There was much more action for the brave helicopter crews in the days to come as the defeated ARVN soldiers desperately fought off the determined enemy, hoping all the while for the distant whomp whomp sound of Hueys and Cobras coming to their rescue. On March 20, two days after the loss of Brandt and Boffman, the Commanding Officer of the Kingsmen, Major Jack L. Barker, was shot down and killed with his entire crew while attempting more ARVN rescues in Laos. Nine Kingsmen Hueys would leave Khe Sanh into Laos, seven would return.
Since Laos was off-limits to US ground troops, with the classified SOG warriors and some CIA operatives the only exceptions, recovering prisoners or bodies from Laos was essentially impossible. Laos said it held prisoners but none were returned. Nolan wrote the US government never negotiated for their return. Over 600 Americans were lost in Laos. Brandt and Boffman would remain in Laos until 1990.

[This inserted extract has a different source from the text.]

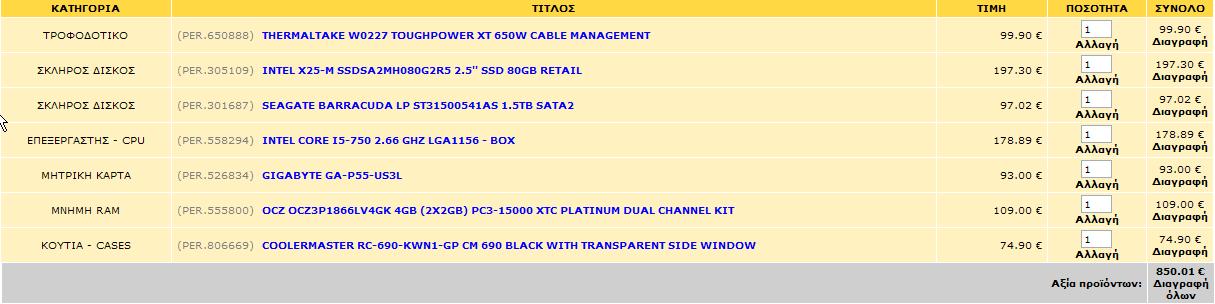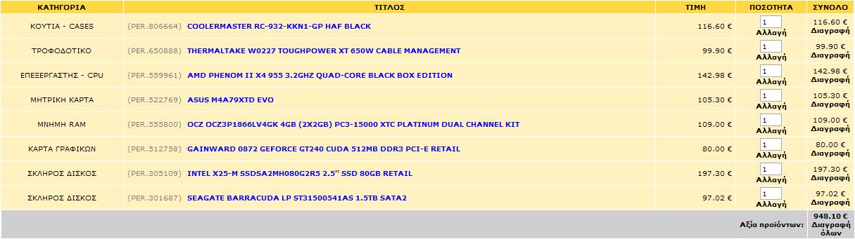 M@ROUD@S Δημοσ. 13 Ιανουαρίου 2010 Δημοσ. 13 Ιανουαρίου 2010 Οριστε φιλε μου μια συνθεση για να παρεις μια ιδεα...948 ευρω και τα υπολοιπα τα βαζεις σε οθονη... Υ.Γ. Επρεπε να εχεις ανοιξει το θεμα στις αναβαθμισεις.

In mid-January 1990, a joint US and Laotian team excavated Brandt’s crash site and recovered their remains. In October of that year, Jack Hauck was drinking his morning coffee and reading the newspaper when he came across a photo titled “Long-Awaited Farewell.” It told of the burial of Keith Brandt and Alan Boffman at Arlington National Cemetery. A year earlier Kingsman 11, Gerry Morgan, had contacted him. They would recall the day that Hauck’s friend Keith Brandt died and Morgan and his crew rescued Hauck and his Cobra co-pilot Butch Bates.

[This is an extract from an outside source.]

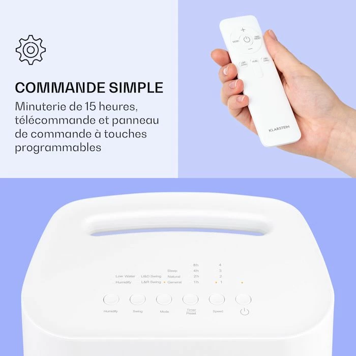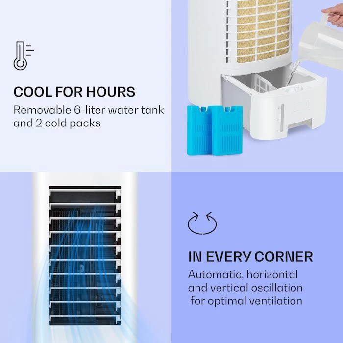 Rafraîchissement par temps chaud : le refroidisseur d’air 3-en-1 IceWind Max de Klarstein te fournit en toute fiabilité un flux d’air frais et convainc également par temps froid grâce à ses fonctions pratiques d’humidificateur d’air. Grâce à l’oscillation automatique, horizontale et verticale, aux 4 vitesses et aux 3 modes de vent, tu garderas toujours la tête froide. Le flux d’air est agréablement rafraîchi par l’évaporation du réservoir d’eau de 6 litres. Cela permet de te rafraîchir lors des journées chaudes, que tu sois au bureau, sur le canapé ou en train de jouer avec les enfants. Et en hiver, tui peux directement humidifier l’air pour respirer librement.

This story is found on several websites but most completely in Phil Marshall’s book Helicopter Rescues Vietnam: Lam Son 719. It is one of over 425 stories of helicopter rescues and that book is one of 21 written and published by Marshall. (Available on Amazon). Phil has been incredibly helpful to me in offering encouragement, additional resources and a very complimentary review in the current issue of VHPA’s Aviator magazine. I was very pleased to hear in a phone call with Phil today (Saturday) that he is now working on assembling helicopter rescues across the border supporting SOG.
Links re Captain Keith Brandt
http://www.armyaircrews.com/cobra_nam.html
https://www.pownetwork.org/bios/b/b398.htm
https://www.vvmf.org/Wall-of-Faces/5377/KEITH-A-BRANDT/
For those interested, I’ve added a new section to the website for It Was My Turn with information about the 361st Pink Panthers. It’s just a start with much more to come. It has the recent interview with Col Bill Reeder (Ret) and his time with the Panthers.
Ger, you've entered this new phase of your writing life with passion! No intellectual abstractions here, but raw realities of war and those who fought and lived or died.
Consuming and heavy, isn't it. And with many new relationships, deeply humanizing, I think.